• _Task to carry out_: Pictures excluded, output the lines of the data below between the one holding "2017 | 4A |" and the one holding "Spectacular designer apartment", inclusive, exactly as they stand.

• _Source data_:
—————
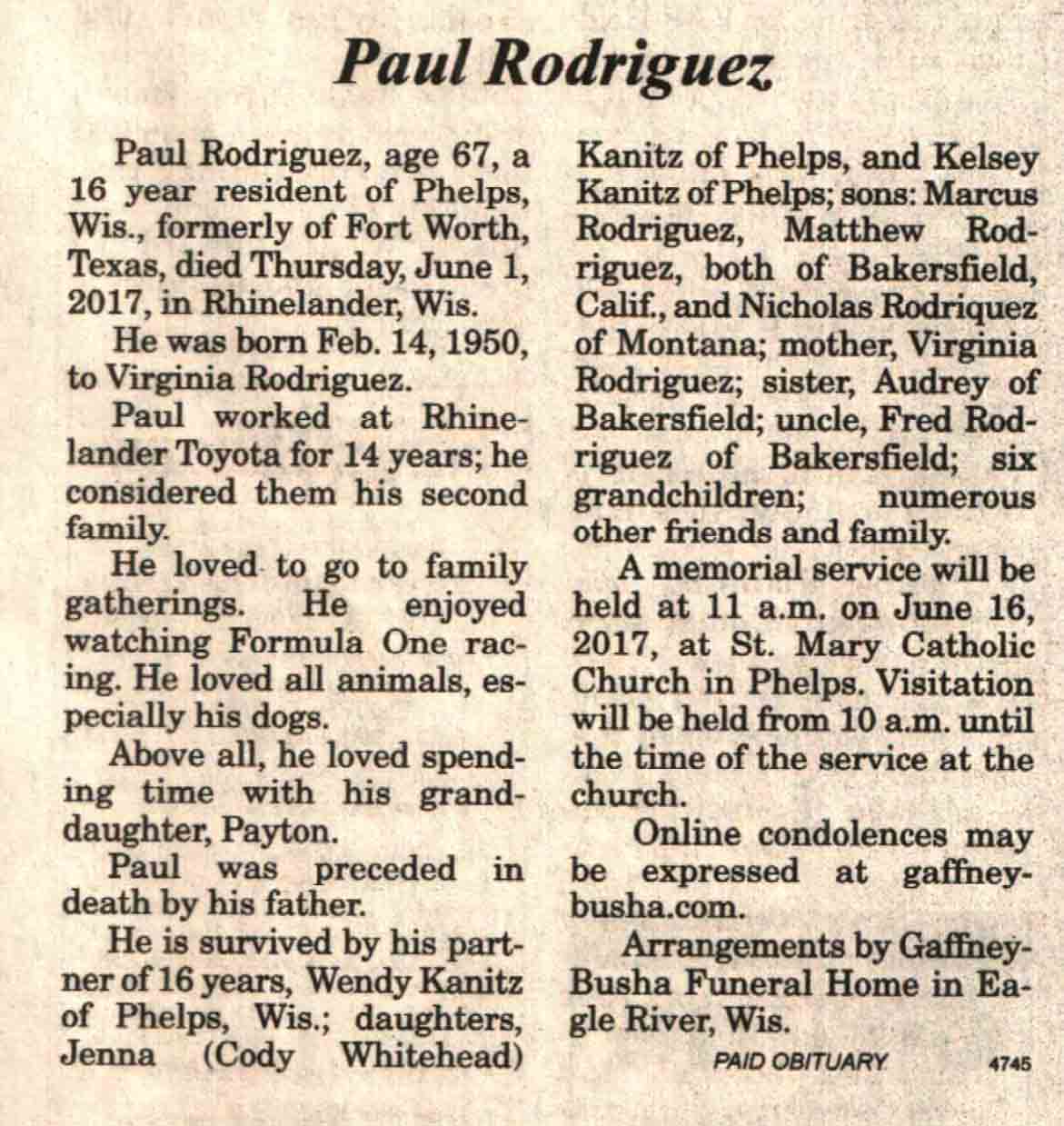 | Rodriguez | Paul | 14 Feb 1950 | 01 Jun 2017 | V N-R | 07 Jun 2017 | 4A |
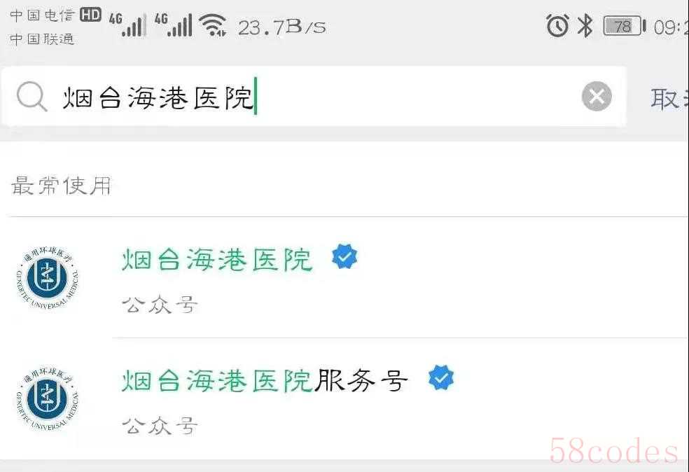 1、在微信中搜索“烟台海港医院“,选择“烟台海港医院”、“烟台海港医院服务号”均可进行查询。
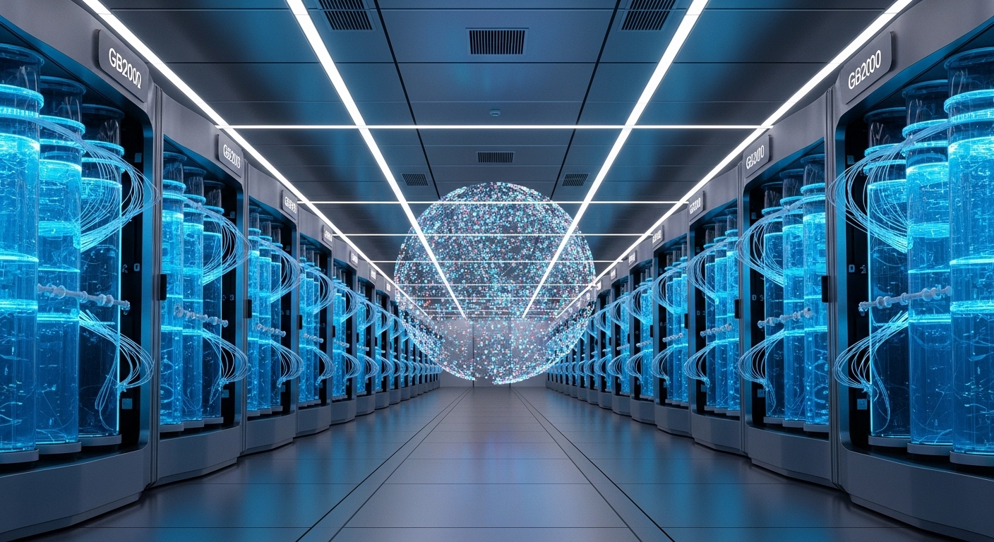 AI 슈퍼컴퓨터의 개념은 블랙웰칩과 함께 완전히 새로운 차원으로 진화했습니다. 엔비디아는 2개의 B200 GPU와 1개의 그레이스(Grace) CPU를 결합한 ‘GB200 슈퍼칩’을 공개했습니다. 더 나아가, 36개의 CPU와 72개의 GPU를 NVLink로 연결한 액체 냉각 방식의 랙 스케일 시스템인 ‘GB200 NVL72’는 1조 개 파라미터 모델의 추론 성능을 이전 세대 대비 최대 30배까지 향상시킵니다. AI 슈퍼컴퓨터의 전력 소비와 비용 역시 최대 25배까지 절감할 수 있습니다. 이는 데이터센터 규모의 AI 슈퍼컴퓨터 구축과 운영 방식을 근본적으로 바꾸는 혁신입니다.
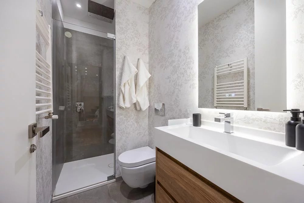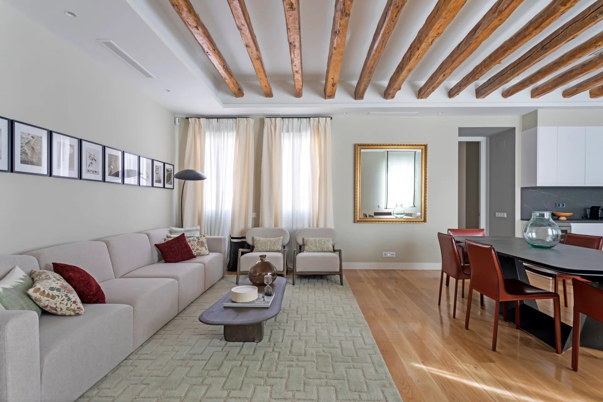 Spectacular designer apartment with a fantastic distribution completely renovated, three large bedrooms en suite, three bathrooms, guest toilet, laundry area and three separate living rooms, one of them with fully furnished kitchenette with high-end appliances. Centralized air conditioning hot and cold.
—————
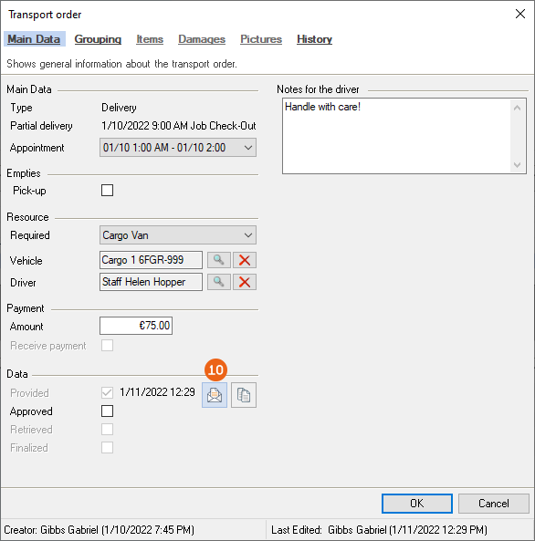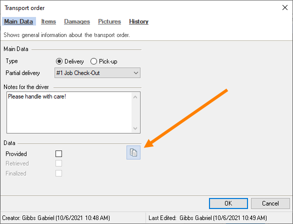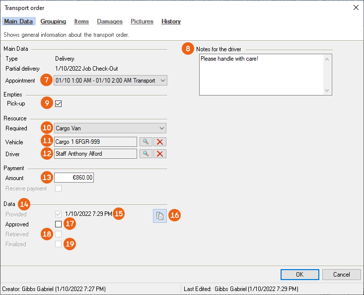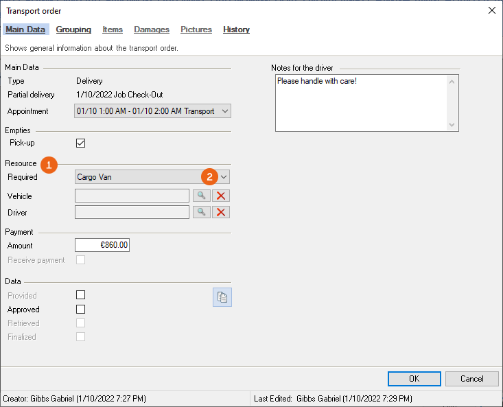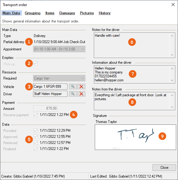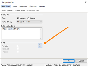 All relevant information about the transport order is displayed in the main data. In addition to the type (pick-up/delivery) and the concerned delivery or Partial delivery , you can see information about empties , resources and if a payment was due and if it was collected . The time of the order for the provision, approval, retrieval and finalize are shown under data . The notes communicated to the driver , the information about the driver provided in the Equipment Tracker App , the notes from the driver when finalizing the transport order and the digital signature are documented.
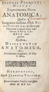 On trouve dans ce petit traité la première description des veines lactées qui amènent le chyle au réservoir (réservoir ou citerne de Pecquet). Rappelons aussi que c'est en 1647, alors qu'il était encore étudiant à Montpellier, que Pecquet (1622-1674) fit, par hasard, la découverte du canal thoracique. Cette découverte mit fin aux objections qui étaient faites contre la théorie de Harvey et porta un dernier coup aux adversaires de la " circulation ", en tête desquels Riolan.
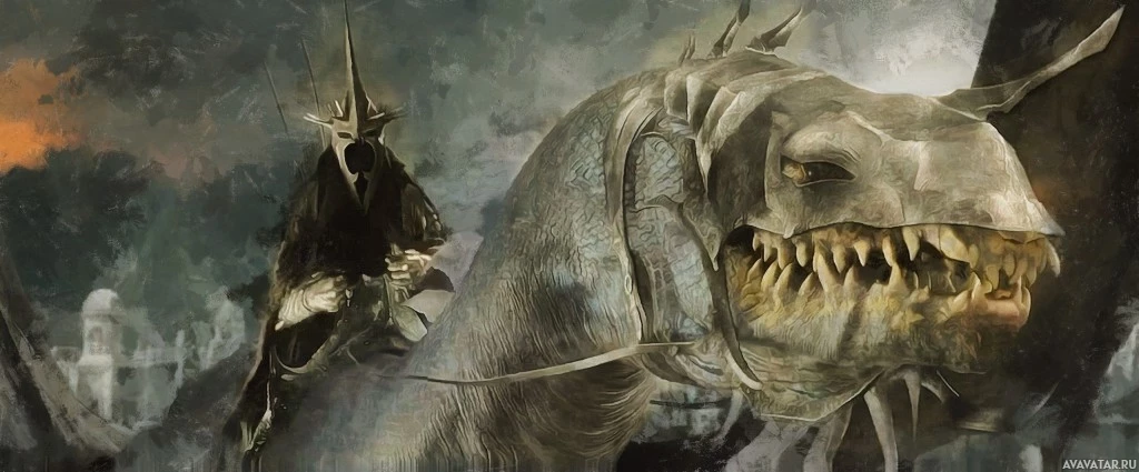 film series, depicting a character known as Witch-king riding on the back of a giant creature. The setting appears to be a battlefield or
—————
• _Exercise solution_:
 | Rodriguez | Paul | 14 Feb 1950 | 01 Jun 2017 | V N-R | 07 Jun 2017 | 4A |
 1、在微信中搜索“烟台海港医院“,选择“烟台海港医院”、“烟台海港医院服务号”均可进行查询。
 AI 슈퍼컴퓨터의 개념은 블랙웰칩과 함께 완전히 새로운 차원으로 진화했습니다. 엔비디아는 2개의 B200 GPU와 1개의 그레이스(Grace) CPU를 결합한 ‘GB200 슈퍼칩’을 공개했습니다. 더 나아가, 36개의 CPU와 72개의 GPU를 NVLink로 연결한 액체 냉각 방식의 랙 스케일 시스템인 ‘GB200 NVL72’는 1조 개 파라미터 모델의 추론 성능을 이전 세대 대비 최대 30배까지 향상시킵니다. AI 슈퍼컴퓨터의 전력 소비와 비용 역시 최대 25배까지 절감할 수 있습니다. 이는 데이터센터 규모의 AI 슈퍼컴퓨터 구축과 운영 방식을 근본적으로 바꾸는 혁신입니다.
 Spectacular designer apartment with a fantastic distribution completely renovated, three large bedrooms en suite, three bathrooms, guest toilet, laundry area and three separate living rooms, one of them with fully furnished kitchenette with high-end appliances. Centralized air conditioning hot and cold.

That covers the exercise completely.